Speakers, who included Dr. Godfrey Kanyenze, Webber Chinyadza and Jacob Mafume, among others, contend that the Zimbabwean economy is heading back to 2008.

Director of the Labour and Economic Development Research Institute of Zimbabwe (LEDRIZ) Dr. Godfrey Kanyenze said, “The economy picked in 2009 growing at 12% but 2013 projected a decline, since then the economy has been faltering.

“We are witnessing structural regression,” said Dr Godfrey Kanyenze adding that any economy that is progressing structurally transforms itself in such a manner that the factors of production including labor are shifted from low productivity to high productivity

Webber Chinyanza echoed the above sentiments when he said that economic growth has significantly declined.

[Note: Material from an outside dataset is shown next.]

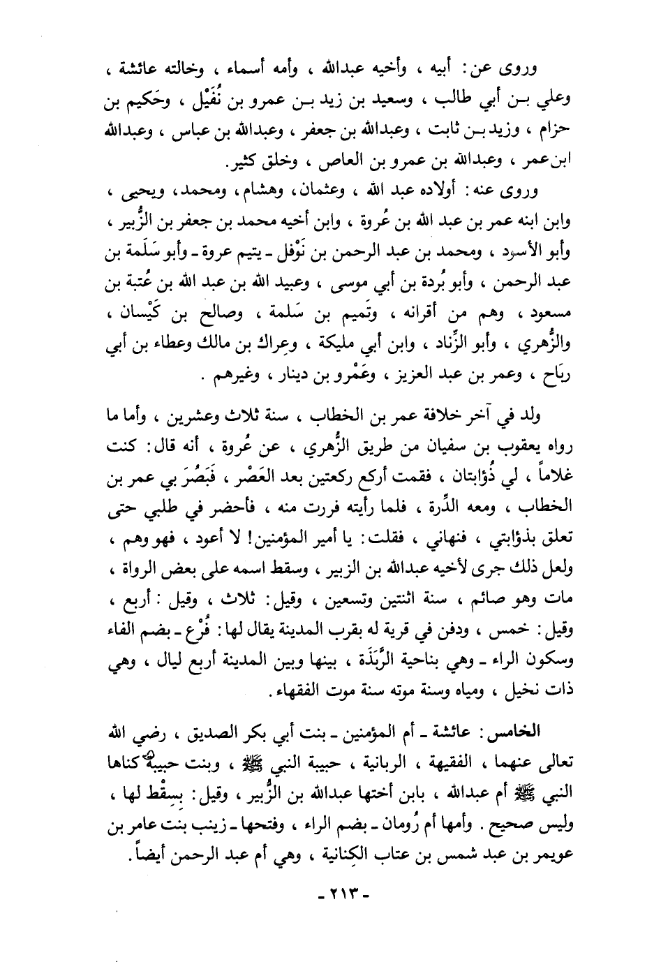 الخامس: عائشة -أم المؤمنين- بنت أبي بكر الصديق، رضي الله تعالى عنهما، الفقيهة، الربانية، حبيبة النبي - صلى الله عليه وسلم -، وبنت حبيبه كناها النبي - صلى الله عليه وسلم - أم عبد الله، بابن أختها عبد الله بن الزُّبير، وقيل: بِسِقْط لها، وليس صحيح. وأمها أم رُومان -بضم الراء، وفتحها- زينب بنت عامر بن عويمر بن عبد شمس بن عتاب الكِنانية، وهي أم عبد الرحمن أيضًا.

“The year on year percentage growth was initially high but it radically tattered off as drivers to that growth impetus lost steam.

“The growth averaged 10% between 2009 and 2012 and declined to 4.5 % in 2013 and 3.1% in 2014,” said Chinyadza.

He went on to explain the causes of this decline.

“This decline cannot surprise anyone because fundamental and structural rigidities which have always militated against the expansion of the economy for decades remain unchanged.

“The country failed to invest in new production technologies to enable it to manufacture and trade in value added products not primary products,” he said.

Chinyadza revealed that the failure of the government to integrate subsistence into the formal economy also had an impact on the failure of the economy.

“70% of the country’s farmers still engage in subsistence farming and it is yet to be integrated into the formal economy,”

“Those people continue to be marginalized, contributing a disproportional small amount towards national output coming next to nothing for their labour,” he said.

He also said that the National GDP is projected to remain on or below 3% against the ZimAsset target of 6.1 %.

Jacob Mafume, Spokesperson of MDC Renewal team contends that the country is heading beyond 2008.

“We are doing reverse jive faster and we are heading beyond 2008. Industry was shutting down at an alarming rate in 2008. Fast forwarding to 2012 companies have not bothered to pay workers and most of them have closed.

“We had stupid economic polices like Baccosi which tried to make goods cheap, now we have a funny Chinese plaza which sells purely Chinese products,” said Mafume.

According to a report entilted State Reconstruction In Zimbabwe 2011, living standards and life expectancy for the estimated population of 12 million fell more rapidly than anywhere else in the world.